Michael Chorost is a science writer whose research interests grow directly out of his personal experience. You may have already read about his struggle with hearing loss — a problem he has dealt with since childhood — in his book Rebuilt: How Becoming Part Computer Made Me More Human (Houghton Mifflin, 2005). It’s natural to find Chorost writing often on things like cochlear implants and neurotechnology, but intriguing to find that he is also a SETI advocate, and one who believes his hearing issues have a bearing on a field he has studied passionately all his life. In fact, the book he plans next, which follows on 2011’s World Wide Mind (Free Press) will be a SETI title.

So what’s the connection between deafness and hunting for signs of an extraterrestrial civilization? Chorost sees it as a matter of isolation and communication, as he notes in a recent entry on the Psychology Today site. Is the entire human race subject to deafness? It is in the sense that we have no idea whether or not we live in isolation or in a galaxy populated with other intelligences. Our ignorance of our place in the universe becomes its own kind of perception problem, a deafness SETI has been trying in vain to remedy for the last fifty years.

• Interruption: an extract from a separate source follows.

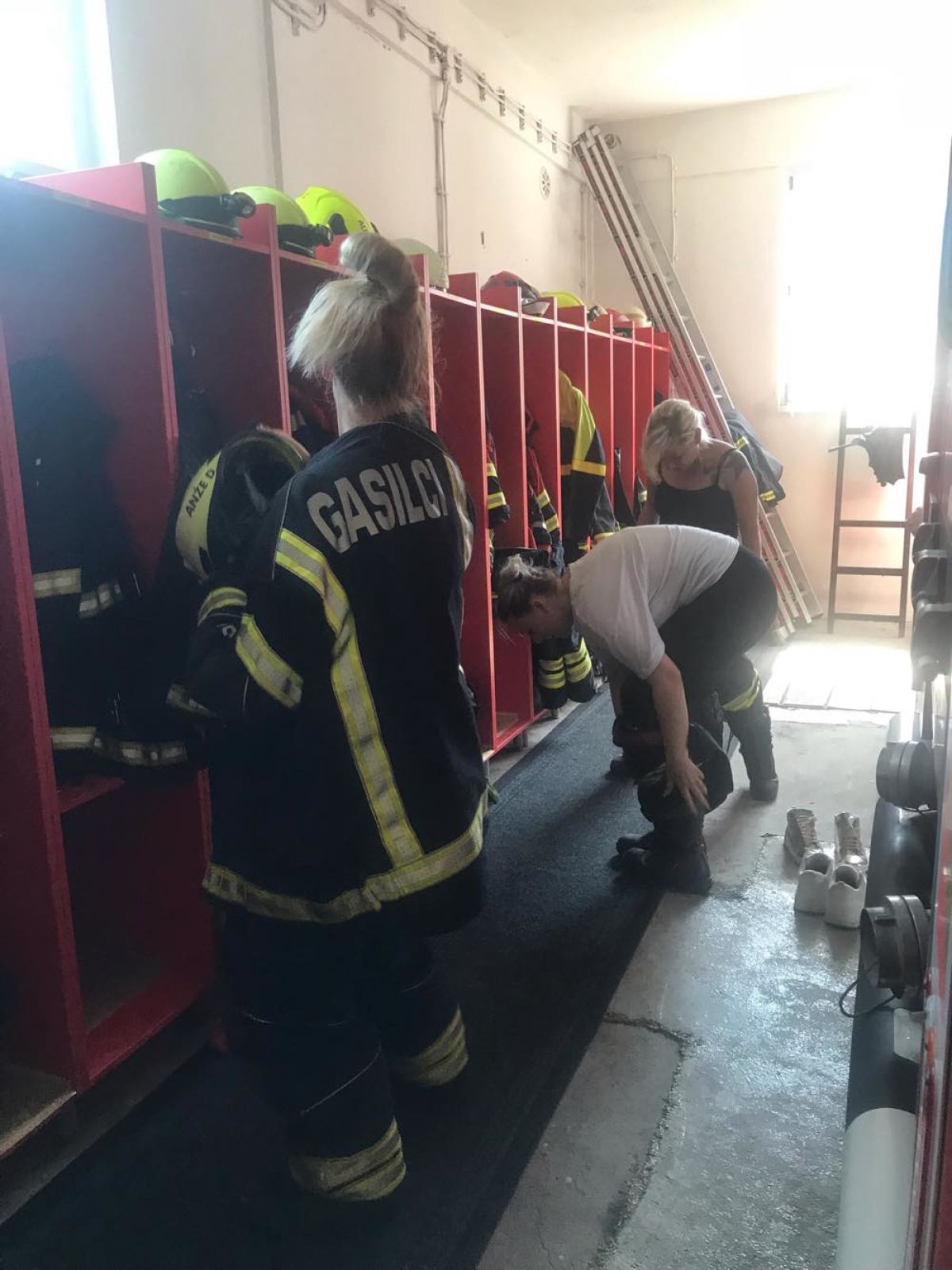 Seveda nas niso pustili stati križem rok. Štirje člani našega uredništva so se preizkusili v oblačenja polne gasilske opreme po ustreznem postopku. Z nekaj zapleti je uspelo vsem štirim, ki so se ob tem neizmerno zabavali. Seveda smo se, kot se za novinarje spodobi, za gasilci odpeljali na kraj dogajanja. Bil je požar, zagorelo je pogonsko gorivo. Vročina je bila neizmerna, v gasilski opremi pa je vse še huje. Požar ni trajal dolgo. Gasilci so takoj vedeli, da z vodo takšnega požara ne bodo pogasili, temveč ga bodo samo še bolj razvneli. Prava izbira je bilo gašenje s peno, ki je ogenj zadušila v zelo kratkem času.

Image: Dish antenna of the 43-metre (140-feet) radio telescope at the Green Bank observatory in West Virginia. Credit: Seth Shostak/Science Photo Library.

It’s an interesting idea, and one the author develops by looking at a recent article by Atul Gawande in The New Yorker. Gawande focused on the effects of solitary confinement on people, relating the story of one prisoner held in such conditions in a maximum security prison who began to lose his mind. The argument is that without encounters with other people, we find our psychic integrity threatened. In the case under study, prolonged isolation led to compulsive behavior, panic attacks, hallucinations and increasing paranoia. Looking at how people relate to those around them, Chorost wonders about a planet-wide pattern of isolation:

I think the analogy is pregnant and poignant, but unproven. Still and all: crazy prisoners, crazy planets. Contact and communication with other planets might have a calming effect on a civilization, giving it perspective and self-knowledge. After all, it’s mainly through interaction with other people that we get feedback on our behavior. We know ourselves by how people reflect us back to ourselves. The Other is a kind of mirror. Right now, humanity has no way to see itself in perspective. We just don’t know what’s abberational in intelligent species, and what’s normal.

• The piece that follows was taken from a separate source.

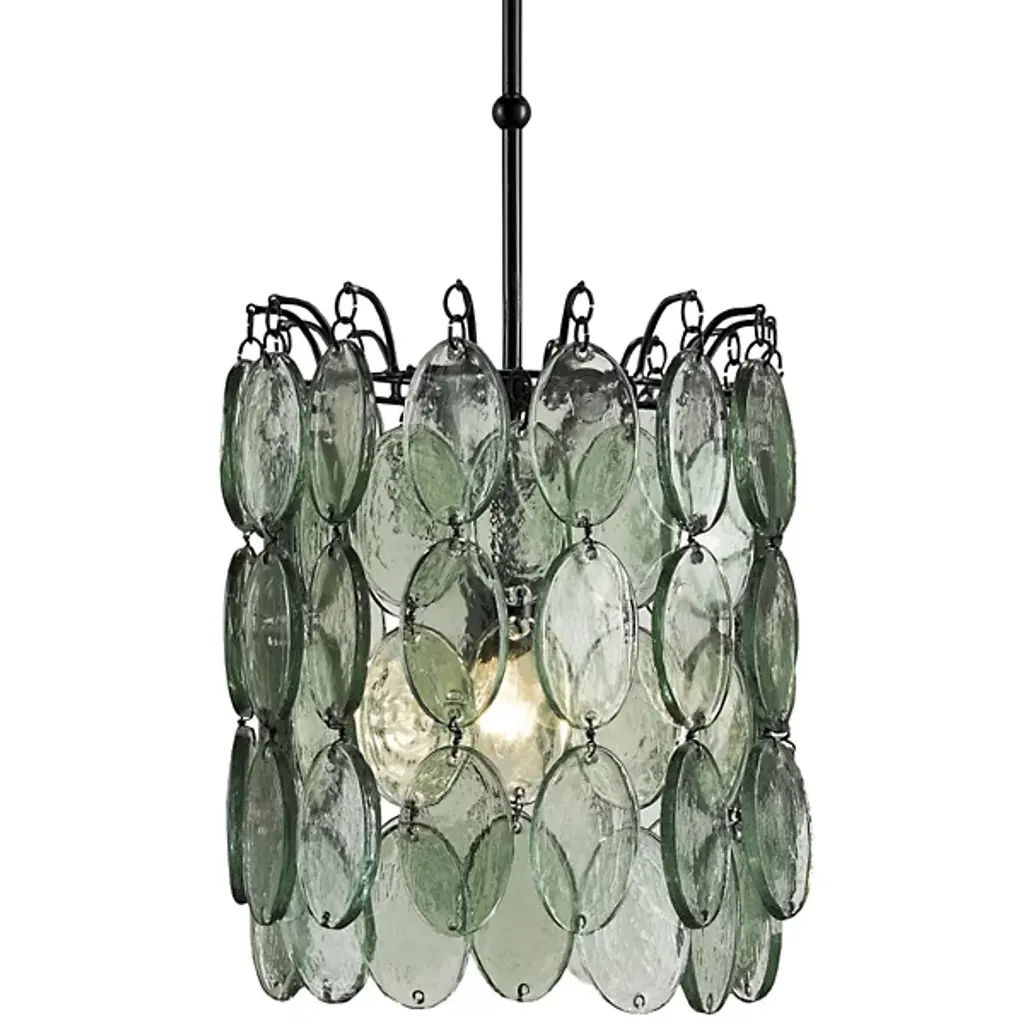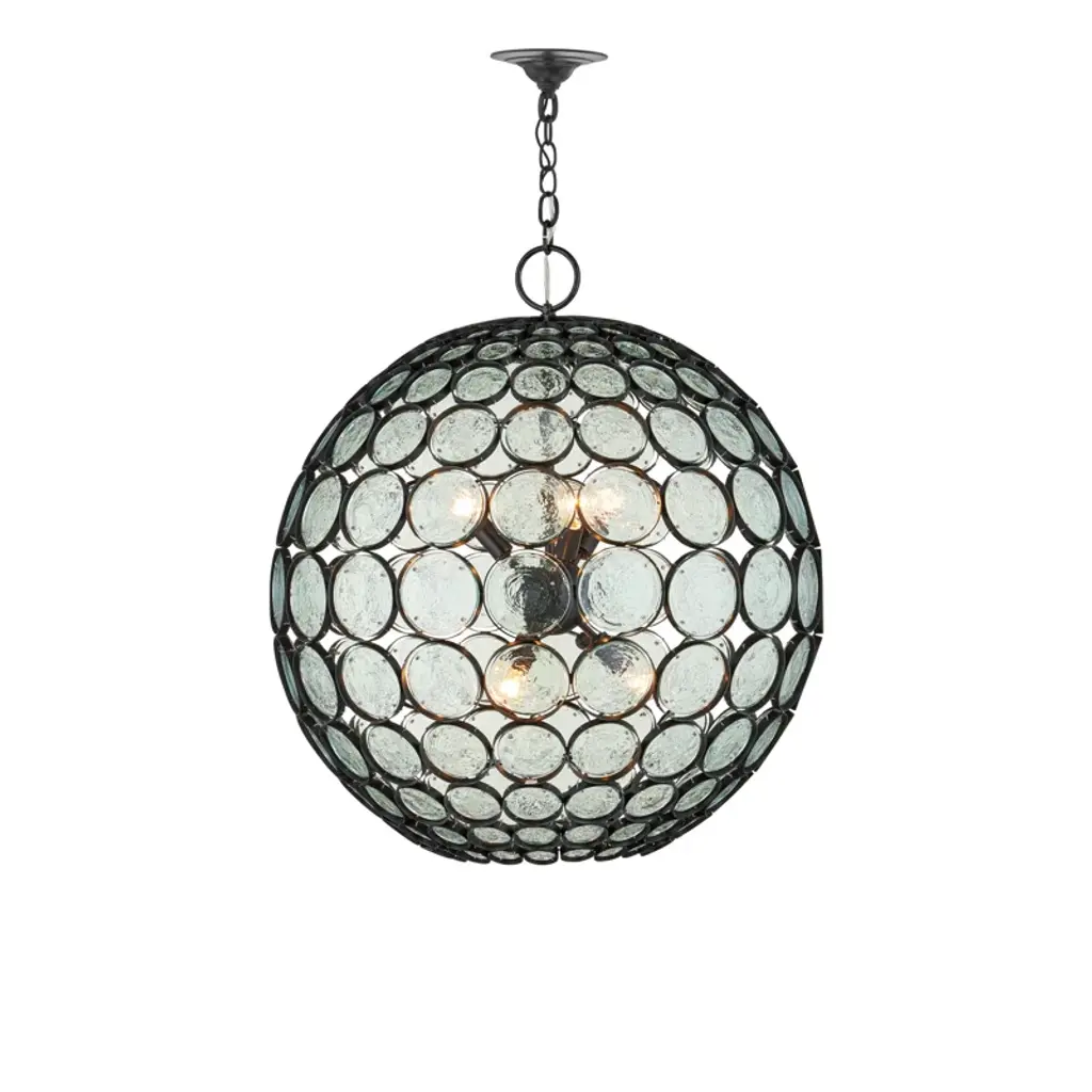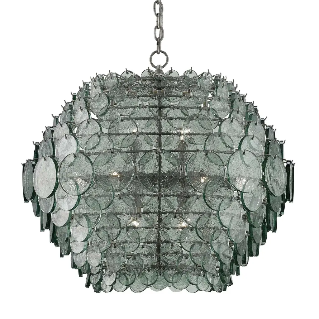 Recycled glass discs dangle from the Braithwell Chandelier to form a textural shade. The discs vary in size and overlap on the wrought iron frame in a silver Granello finish to turn this glass chandelier into a mottled mosaic. We also offer the Braithwell in a flush-mount. Ships In 7-10 Business Days This image is for illustrative purposes only. The colors shown are accurate within the constraints of lighting, photography, and the color accuracy of your screen.

So we could be looking at one more possibility for explaining the Fermi paradox. Extraterrestrials are not here because they think we’re lunatics. It’s not a likely scenario, and Chorost doubts it applies, but there is something to be said for the idea of planets facing existential loneliness:

I think that deafness and planetary isolation have something in common. A deaf person knows how easy it is to become profoundly cut off. (If civilization collapsed and the electricity went out for good, my rechargeable cochlear implant batteries would last me about a week.) I think of our planet swimming in the starry blackness, studded with radio telescopes peering anxiously into the void—and hearing nothing. To me, that feels a lot like being deaf.

When I was growing up, my uncle from Florida used to drive up once a year for an extended visit. He was already going deaf at the time and thought it was from the effect of aircraft engines (he had serviced radio equipment for Eastern Airlines his entire career). In any case, over the years his deafness became profound. Like Chorost, he was also fascinated with SETI and the idea of finding other intelligences. He had huge problems communicating with people in conversation, but he built a world out of books and kept a massive library. I often wondered, when deafness closed off his interests in music and shortwave radio, whether he felt the same sense of bafflement I feel when walking on a starry night, wondering whether there is anyone out there sharing this universe, pointing instruments into the sky and asking why no one speaks?